6. Во время спартаковского восстания сформированный редактором "Vorwarts" Кутнером полк "Рейхстаг" занял позицию в рейхстаге. По сообщениям газет, его сильно обстреливали с крыш прилегающих домов. Когда полк был там, один из солдат, некто Эйхгорн, был застрелен Кутнером в соседнем дворе, поскольку Эйхгорн будто бы сделал такое движение, словно хотел сорвать одну из висевших у него на поясе гранат и напасть на Кутнера, т. е. в ситуации необходимой самообороны. Прежний редактор "Vorwarts" Георг Давидсон после этого случая резко нападал на Кутнера, называя его "убийцей рабочих". Кутнер подал иск на Давидсона. По возбужденному Кутнером гражданскому иску я защищал Давидсона. На процессе среди прочего было установлено, что Эйхгорн, который, как уже говорилось, входил в состав полка "Рейхстаг", поднимаясь на крыши домов в квартале напротив рейхстага, то из одного, то из другого чердачного окна размахивал красным флагом.

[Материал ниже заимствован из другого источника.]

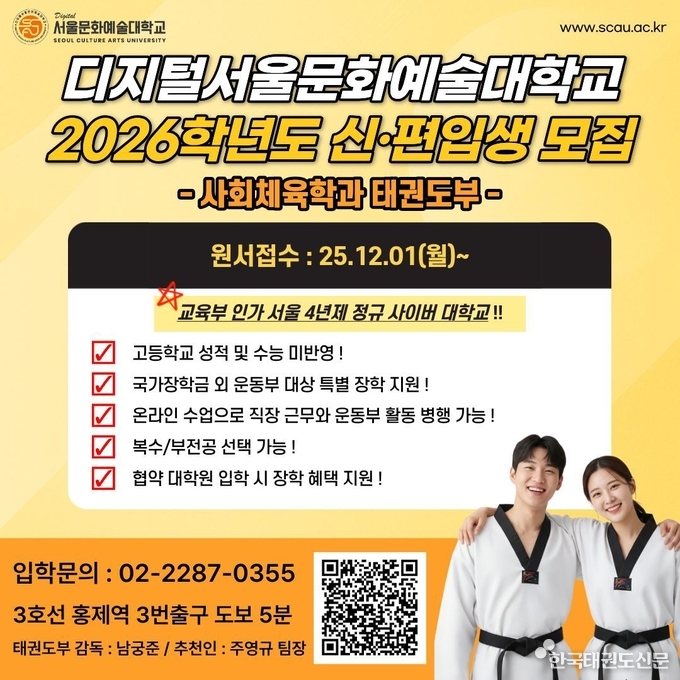 [한국태권도신문] 한국태권도지도자협회(회장 남궁준)는 디지털서울문화예술대학교 사회체육학과 내에 ‘태권도부’가 2026학년도부터 공식 신설된다고 13일 밝혔다.

7. В то неспокойное время я шел однажды по Инвалиденштрассе в расположенную по Шоссештрассе в доме No 121 контору; с правой стороны на тротуаре стояла пушка, орудийный расчет стоял рядом, тут же был и офицер; ствол пушки был направлен в просвет между двумя домами и нацелен на стоявший на ближайшей улице дом. Я спросил, в чем дело, и мне ответили, что здание занято подразделением красных солдат и они собираются их оттуда выбить. Кого, что – ничего не сказали. Стало быть, там и не было ничего. До стрельбы тогда не дошло.
8. В первой половине марта во всей буржуазной прессе, противостоявшей единым фронтом спартаковцам, появились сообщения об ужасных убийствах полицейских в Лихтенберге и схватках со спартаковцами. Сообщено было о будто бы убитых спартаковцами в Лихтенберге 60 полицейских чинах. Описания были совершенно [ужасные]. Последовали схватки со спартаковцами.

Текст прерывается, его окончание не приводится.